Alright, here is the initial draft of the html tagged template https://github.com/straker/html-tagged-template.

I combined the best principles of E4H and contextual auto escaping to prevent XSS attacks, and it turned out pretty well if I do say so myself. What I would love now is help from security experts, like Mike Samuel who wrote about contextual auto escaping, to further the XSS prevention since I don't have a lot of experience in that area.

Also, I'm not sure the best way to allow HTML variable substitution to be marked as safe so it isn't escaped when added to the DOM.

straker avatar Feb 20 '16 00:02 straker

This does look pretty cool. I hope people use it.

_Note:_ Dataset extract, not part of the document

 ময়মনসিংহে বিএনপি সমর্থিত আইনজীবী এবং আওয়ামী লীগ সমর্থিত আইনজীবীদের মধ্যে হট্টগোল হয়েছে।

My one big problem is that I don't like the overloaded return type (sometimes a node, sometimes an array). I think I would probably prefer a DocumentFragment all the time. Or maybe two helpers, one that throws if more than one element is parsed, and one that always gives an array? or always gives a document fragment?

domenic avatar Feb 20 '16 00:02 domenic

So I'm not sure how to proceed from here. There's been some nice discussions on the repo, but I feel that unless something changes, it won't go much further than where it currently is. Do you have any suggestions?

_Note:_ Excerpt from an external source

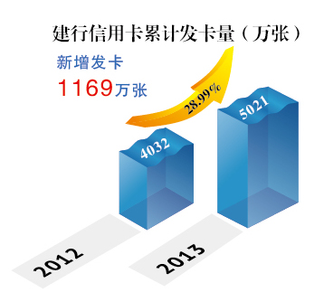 报告中还显示,2013年,建行银行卡手续费收入257.83亿元,增幅为28.04%。其中,信用卡收入增速近50%,主要是抓住个人客户消费升级和支付方式变化的机遇,积极拓展优质客户及推出多项创新产品所致;借记卡、ATM收单收入也保持双位数增长。

straker avatar Mar 02 '16 08:03 straker

I think the main hindrance is it becoming a popular way to create elements, maybe even the defacto way. And probably if we were to add an API like that I'd like the default to be safer than innerHTML. E.g., have XSS filtering by default and require the usage of unsafeHTML...`` to do what the library does now.

(Then there's also other activity around the HTML parser that likely takes priority for implementers, such as making custom elements work and providing a streaming API around the HTML parser (once we have sorted out network streaming).)

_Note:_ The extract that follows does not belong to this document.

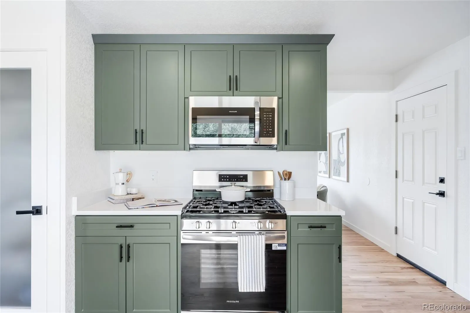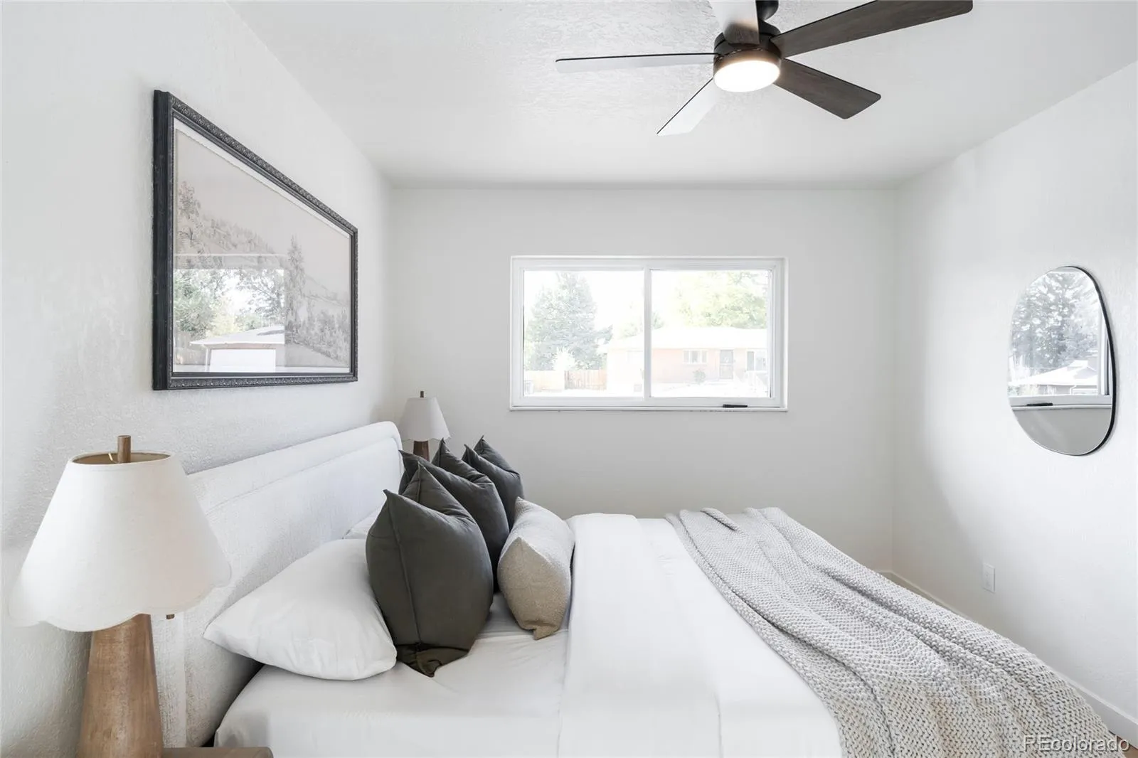 Beautifully reimagined from top to bottom, this Harvey Park residence offers the perfect fusion of timeless comfort and modern efficiency. Bathed in natural light through large west-facing windows with mountain views, the interior showcases a thoughtful full renovation — from all major systems, including new A/C, furnace and water heater, to a refreshed kitchen and baths. The main level features a spacious living room with a wide picture window, a sun-filled dining area and a sleek kitchen with stainless steel appliances and a peninsula with seating. The primary suite impresses with a double vanity and walk-in shower, while the finished basement adds a versatile rec room, large laundry area and ample storage space. Set on a generous lot with fresh sod, a front yard with xeriscaping, a new driveway with concrete and stone and a detached two-car garage, this home offers effortless Colorado living. Residents enjoy direct access to bike lanes and transit, all within a central neighborhood. Exterior photos coming soon. Brand new, detached two car garage with EV charger, driveway from front to back, and fresh sod for buyer to enjoy.

annevk avatar Mar 02 '16 08:03 annevk

I find it pretty bad to make string templates, as soon as it's on client-side, (and you more likely need to keep references, add/remove event listeners, ...

I'd really like that document.createElement become like React.createElement

and be able to do: (with const h=document.createElement below)

h('ul', {className:'something'},
  items.map( ({text})=> h('li', {onClick: e=>{/*..*/}}, 
      text,
      h('span', {onClick: close}, '✕')
    )
  )
)

caub avatar Aug 11 '16 12:08 caub

That seems way worse than

h`<ul class="something">${items.map(({text}) => h`
  <li onclick=${e=>/*..*/}>
    text
    <span onclick=${close}>✕</span>
  </li>`}
</ul>`

domenic avatar Aug 11 '16 12:08 domenic

Ah thanks, indeed, https://github.com/straker/html-tagged-template (is this the right link?) looks interesting, similar to jsx. I'm just sceptic on how events are added

After seeing https://github.com/straker/html-tagged-template/blob/master/index.js I don't see anything for event listeners, and all thoses regex feel quite dirty (ofc jsx parser might be similar).. My approach seems unnatural at first-see, but pretty practical, if not more after a bit of training

caub avatar Aug 11 '16 12:08 caub

The proposal only dealt with the creation of DOM. Adding event listeners can still be done through the normal ways once the DOM is created.

var dom = html`<div>
  <button>Click me</button>
</div>`

dom.querySelector('button').addEventListener('click', function() { /* ... */ });

straker avatar Aug 11 '16 22:08 straker

I saw your implementation, here's a short one that does Domenic's example https://gist.github.com/caub/da489a286b0098d0fcd799b66a252196#file-h-js

caub avatar Aug 12 '16 00:08 caub

I've been working on a similar library recently and was pointed to this issue as a place that might be interested.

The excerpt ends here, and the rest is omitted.